La salida para la dependencia de insumos importados
Detrás del entusiasmo existe un problema concreto que los bioinsumos ayudan a resolver. De acuerdo con Novidades MT, Brasil importó en 2025 cerca de 85% de los fertilizantes que utilizó, el equivalente a 44,8 millones de toneladas, con un costo anual superior a US$ 25 mil millones.
Esta dependencia externa es un talón de Aquiles del agro. Cuando una crisis en el exterior dispara el precio de los insumos, el cultivo brasileño lo siente en el bolsillo, como en 2022, cuando los valores llegaron a subir más de 100%. Reducir la dependencia de fertilizantes y venenos importados es una cuestión de seguridad nacional para un país que vive del campo, y los biológicos son parte de esa respuesta.
Qué son los bioinsumos, en la práctica
El término puede sonar abstracto, pero los productos son muy concretos. Los bioinsumos incluyen inoculantes, que ayudan a la planta a captar nutrientes, además de bioinsecticidas, biofungicidas y bionematicidas, que funcionan como defensivos biológicos, combatiendo insectos, hongos y otras plagas con organismos vivos o sustancias naturales, en lugar de moléculas sintéticas.
Según CropLife Brasil, los inoculantes por sí solos representan 40% del área tratada, cerca de 77 millones de hectáreas. La idea central es usar la propia biología a favor del cultivo. Combatir plagas con otro ser vivo, en lugar de solo con química, es trabajar con la naturaleza en lugar de contra ella, y es esta lógica la que el agro brasileño ha abrazado a escala industrial.

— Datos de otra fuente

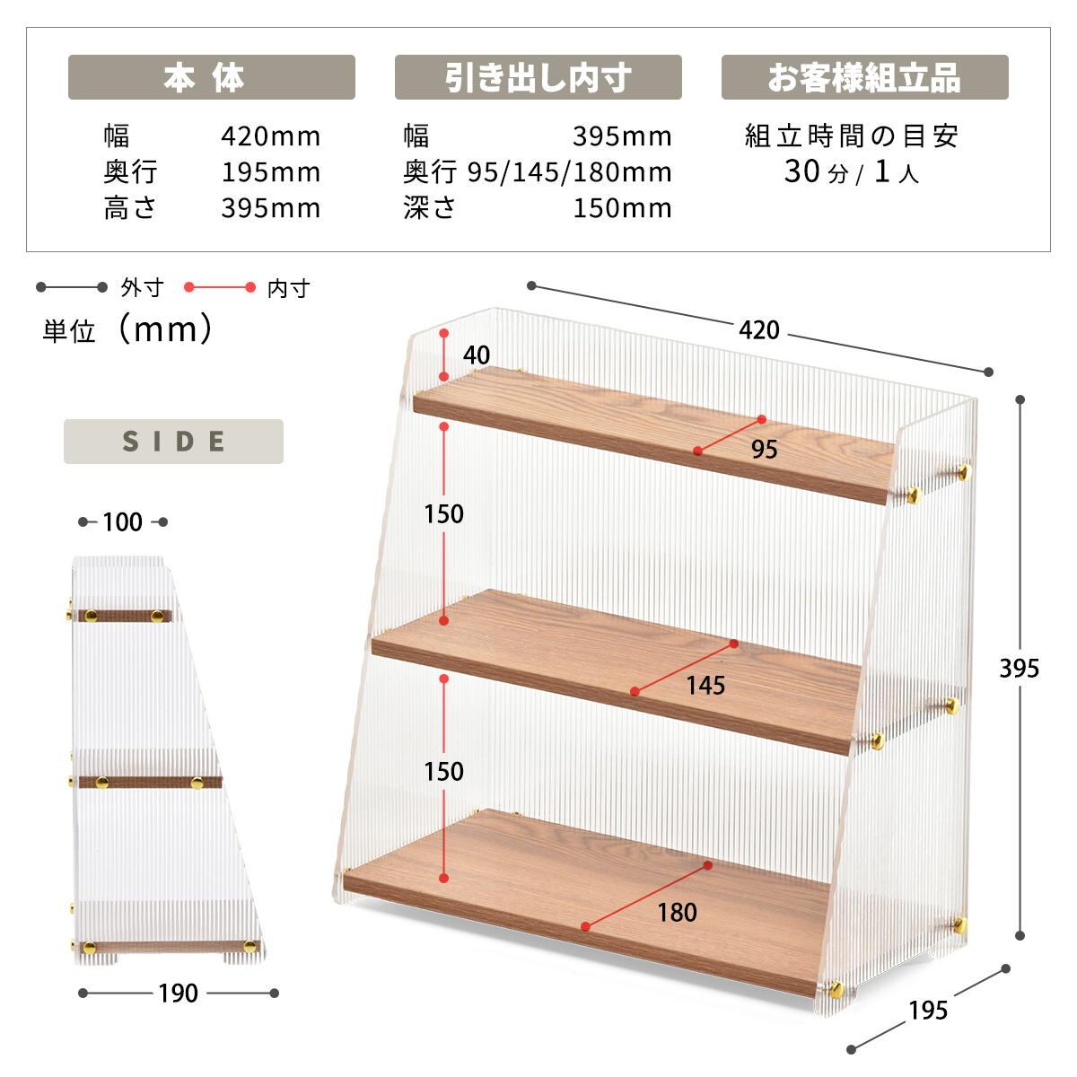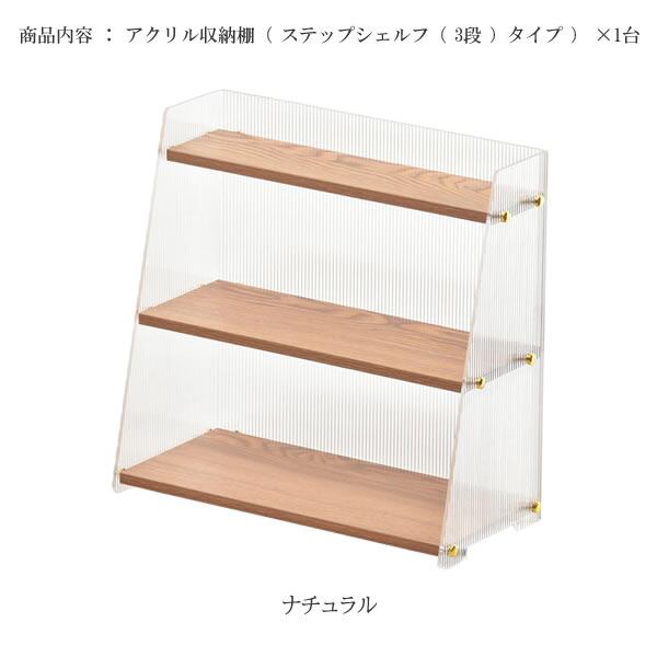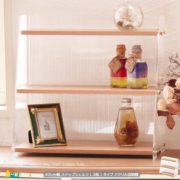アクリル収納棚 ステップシェルフ 3段タイプ 42cm幅 ナチュラル アクリルラック 収納棚 収納シェルフ ディスプレイラック コスメ収納 化粧品収納 ディスプレイ棚 文房具収納 おすすめ おしゃれ 北欧 モダン スタイリッシュ 透明 キッチン収納 デスク収納 3段棚 3段収納棚 3段収納ラック コンパクト スリム 省スペース アクリル収納ラック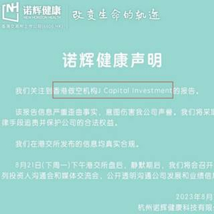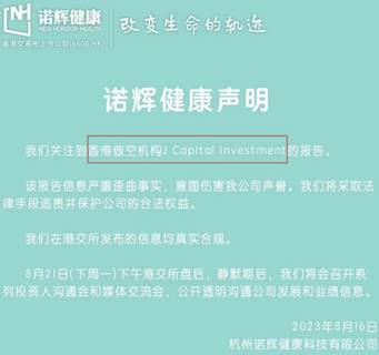 “以后我们对没有任何来源的(做空)报告不再回应。”2023年8月21日下午,诺辉健康(06606.HK)董事长兼CEO朱叶青在2023年度中期业绩媒体沟通会上,就一份之前流传甚广的针对诺辉健康的做空报告如是说道。

Por qué el agro está cambiando químico por biológico
La migración no es solo ambiental, es práctica. Novidades MT señala que plagas como orugas y mosca blanca se están volviendo resistentes a los defensivos químicos tradicionales, lo que obliga al productor a usar dosis mayores y más caras, en un ciclo sin fin.
Los biológicos entran como alternativa que la plaga tiene más dificultad para eludir, además de reducir residuos en el alimento y en el suelo. A esto se suma el costo de los insumos importados, y la cuenta empieza a cerrar. Cuando el veneno deja de funcionar y además es caro, el productor busca otra salida, y los bioinsumos llegaron en el momento justo para ocupar ese espacio.
Dónde los bioinsumos crecen más

La adopción tiene una geografía bien definida. Según CropLife Brasil, la soja concentra el 62% del uso de bioinsumos, seguida por el maíz, con un 22%, y la caña, con un 10%, justamente los mayores cultivos del país en área plantada.
Entre los estados, Mato Grosso es el mayor mercado, seguido por São Paulo y Goiás, reflejando el peso del Cerrado en la producción nacional. Las grandes plantaciones de granos son el motor de esta revolución biológica, porque es en ellas donde el ahorro de escala y la reducción de costos hacen más diferencia en el balance final.
Un mercado global de US$ 33 mil millones por delante
El potencial va mucho más allá de las fronteras brasileñas. Novidades MT cita proyecciones de que el mercado global de biológicos salte de cerca de US$ 11,7 mil millones en 2022 a US$ 33,7 mil millones hasta 2030, y Brasil quiere surfear esta ola en el liderazgo.
Como el país ya domina la tecnología en campo, hay posibilidad de convertirse no solo en consumidor, sino también en exportador de soluciones y conocimiento. Liderar el uso es el primer paso para liderar la industria, y transformar la experiencia de las granjas en productos vendidos al mundo es el próximo objetivo del sector.
Lo que aún frena la adopción total
A pesar del avance, no todo está resuelto. Faltan estandarización, más investigación y orientación técnica para que el productor use los biológicos de la manera correcta, ya que exigen un manejo diferente al químico. La producción casera en la propia granja, sin control de calidad, también preocupa.
La pregunta que queda es si Brasil logrará transformar el liderazgo en el uso en liderazgo en la industria, creando empresas y tecnología propias. ¿Imaginabas que el país que muchos asocian al uso intensivo de agroquímicos es, al mismo tiempo, el líder mundial en combatir plagas con biología?